What is expected: Print every record exactly, omitting all pictures.

[[ Source material, beginning ]]

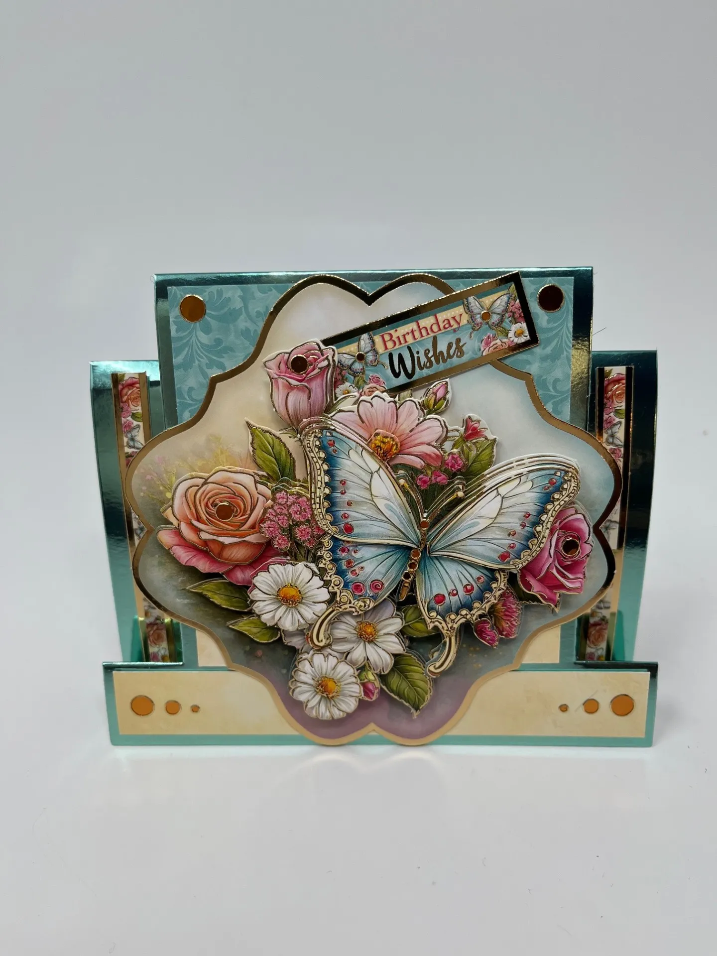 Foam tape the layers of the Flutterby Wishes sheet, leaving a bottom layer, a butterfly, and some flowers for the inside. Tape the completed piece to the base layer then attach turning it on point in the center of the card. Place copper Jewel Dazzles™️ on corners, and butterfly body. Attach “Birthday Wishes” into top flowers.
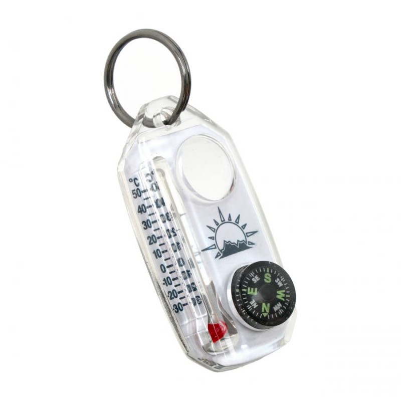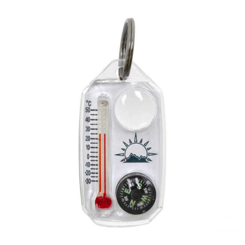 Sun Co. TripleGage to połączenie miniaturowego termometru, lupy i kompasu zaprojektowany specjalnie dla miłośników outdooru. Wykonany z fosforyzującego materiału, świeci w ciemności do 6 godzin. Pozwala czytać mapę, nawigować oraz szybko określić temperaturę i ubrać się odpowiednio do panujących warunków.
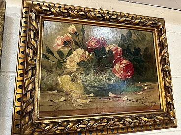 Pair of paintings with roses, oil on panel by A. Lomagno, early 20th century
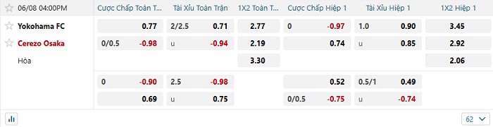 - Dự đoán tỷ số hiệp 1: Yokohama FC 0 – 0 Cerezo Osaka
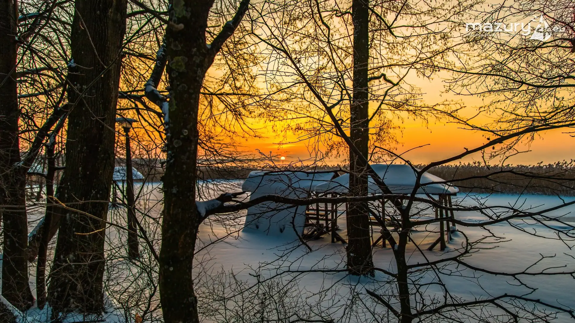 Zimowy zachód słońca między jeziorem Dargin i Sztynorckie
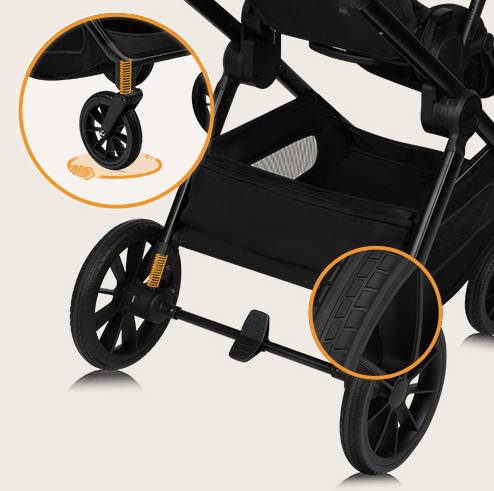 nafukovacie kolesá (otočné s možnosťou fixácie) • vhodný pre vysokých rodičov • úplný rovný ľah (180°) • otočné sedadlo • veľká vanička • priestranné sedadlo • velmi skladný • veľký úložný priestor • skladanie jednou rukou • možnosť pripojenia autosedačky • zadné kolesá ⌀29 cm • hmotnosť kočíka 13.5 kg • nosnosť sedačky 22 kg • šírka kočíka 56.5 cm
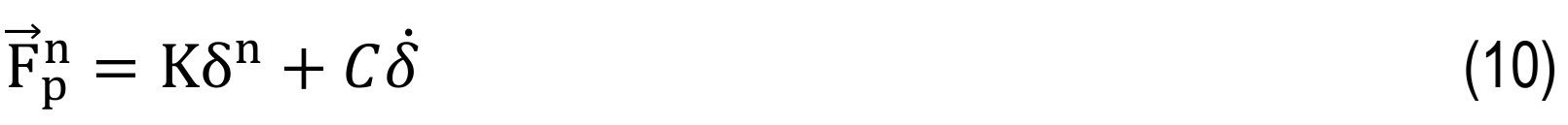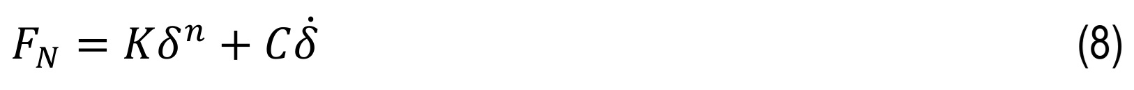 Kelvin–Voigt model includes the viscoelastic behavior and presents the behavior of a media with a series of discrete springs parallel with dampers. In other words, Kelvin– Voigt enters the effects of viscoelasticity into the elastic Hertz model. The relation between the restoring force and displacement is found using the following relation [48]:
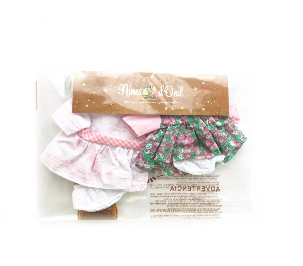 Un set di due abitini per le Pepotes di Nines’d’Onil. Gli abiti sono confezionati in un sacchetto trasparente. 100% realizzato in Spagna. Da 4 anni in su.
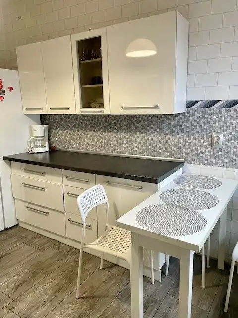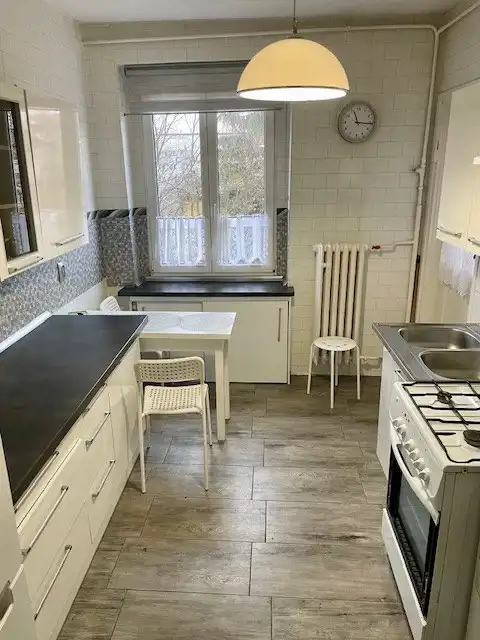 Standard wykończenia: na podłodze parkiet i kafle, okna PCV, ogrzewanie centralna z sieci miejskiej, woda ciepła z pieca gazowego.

[[ Source material, end ]]

Task answer:
 Foam tape the layers of the Flutterby Wishes sheet, leaving a bottom layer, a butterfly, and some flowers for the inside. Tape the completed piece to the base layer then attach turning it on point in the center of the card. Place copper Jewel Dazzles™️ on corners, and butterfly body. Attach “Birthday Wishes” into top flowers.
 Sun Co. TripleGage to połączenie miniaturowego termometru, lupy i kompasu zaprojektowany specjalnie dla miłośników outdooru. Wykonany z fosforyzującego materiału, świeci w ciemności do 6 godzin. Pozwala czytać mapę, nawigować oraz szybko określić temperaturę i ubrać się odpowiednio do panujących warunków.
 Pair of paintings with roses, oil on panel by A. Lomagno, early 20th century
 - Dự đoán tỷ số hiệp 1: Yokohama FC 0 – 0 Cerezo Osaka
 Zimowy zachód słońca między jeziorem Dargin i Sztynorckie
 nafukovacie kolesá (otočné s možnosťou fixácie) • vhodný pre vysokých rodičov • úplný rovný ľah (180°) • otočné sedadlo • veľká vanička • priestranné sedadlo • velmi skladný • veľký úložný priestor • skladanie jednou rukou • možnosť pripojenia autosedačky • zadné kolesá ⌀29 cm • hmotnosť kočíka 13.5 kg • nosnosť sedačky 22 kg • šírka kočíka 56.5 cm
 Kelvin–Voigt model includes the viscoelastic behavior and presents the behavior of a media with a series of discrete springs parallel with dampers. In other words, Kelvin– Voigt enters the effects of viscoelasticity into the elastic Hertz model. The relation between the restoring force and displacement is found using the following relation [48]:
 Un set di due abitini per le Pepotes di Nines’d’Onil. Gli abiti sono confezionati in un sacchetto trasparente. 100% realizzato in Spagna. Da 4 anni in su.
 Standard wykończenia: na podłodze parkiet i kafle, okna PCV, ogrzewanie centralna z sieci miejskiej, woda ciepła z pieca gazowego.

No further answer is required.